◆ Task instructions: From the material below, set down exactly the lines that run from the one containing "- 1 cama de" to the one containing "Our 13th Annual", minus the pictures.

◆ Records to use:

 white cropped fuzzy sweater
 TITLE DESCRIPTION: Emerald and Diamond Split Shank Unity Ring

...

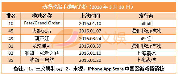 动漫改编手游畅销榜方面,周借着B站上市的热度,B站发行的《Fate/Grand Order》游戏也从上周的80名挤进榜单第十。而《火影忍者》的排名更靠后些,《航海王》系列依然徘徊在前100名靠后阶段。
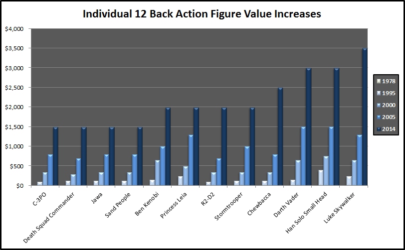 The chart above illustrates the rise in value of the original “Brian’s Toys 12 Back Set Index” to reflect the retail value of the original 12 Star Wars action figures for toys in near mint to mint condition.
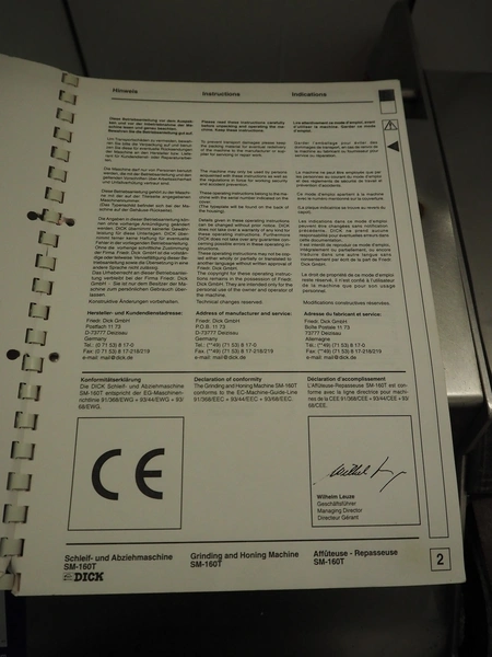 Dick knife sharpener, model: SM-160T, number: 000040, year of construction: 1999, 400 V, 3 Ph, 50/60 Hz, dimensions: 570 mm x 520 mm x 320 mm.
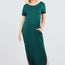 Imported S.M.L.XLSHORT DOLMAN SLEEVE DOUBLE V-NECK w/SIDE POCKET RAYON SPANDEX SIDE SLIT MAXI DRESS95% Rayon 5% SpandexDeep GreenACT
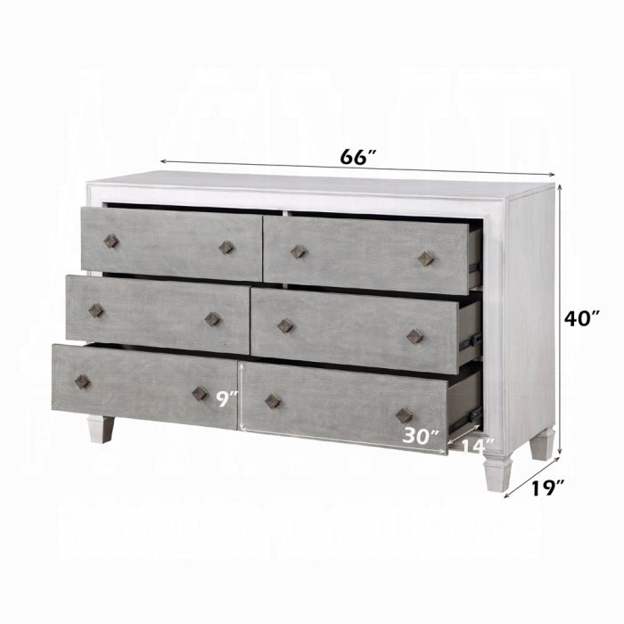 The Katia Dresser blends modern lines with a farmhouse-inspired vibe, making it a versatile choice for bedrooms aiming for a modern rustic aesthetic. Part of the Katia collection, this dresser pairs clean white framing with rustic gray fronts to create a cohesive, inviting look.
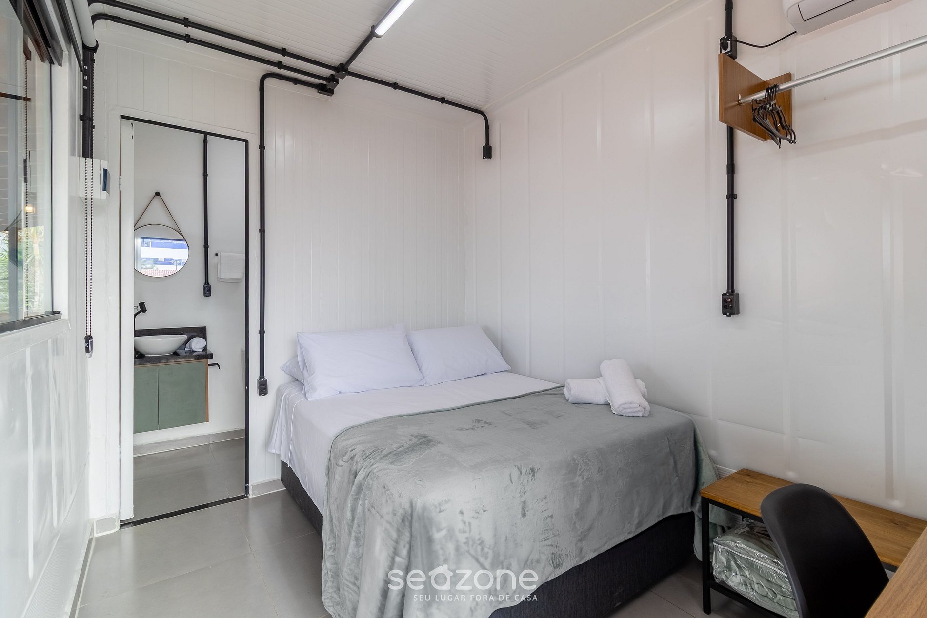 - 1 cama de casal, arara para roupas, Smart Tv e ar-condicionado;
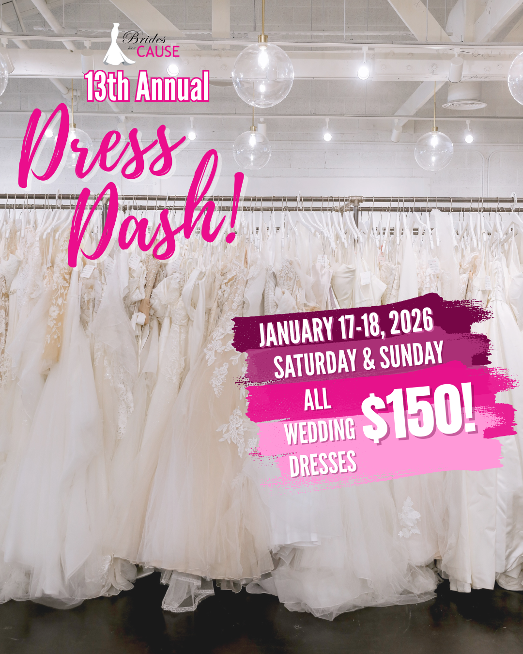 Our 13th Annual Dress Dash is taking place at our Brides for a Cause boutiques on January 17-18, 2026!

◆ Written response:
 - 1 cama de casal, arara para roupas, Smart Tv e ar-condicionado;
 Our 13th Annual Dress Dash is taking place at our Brides for a Cause boutiques on January 17-18, 2026!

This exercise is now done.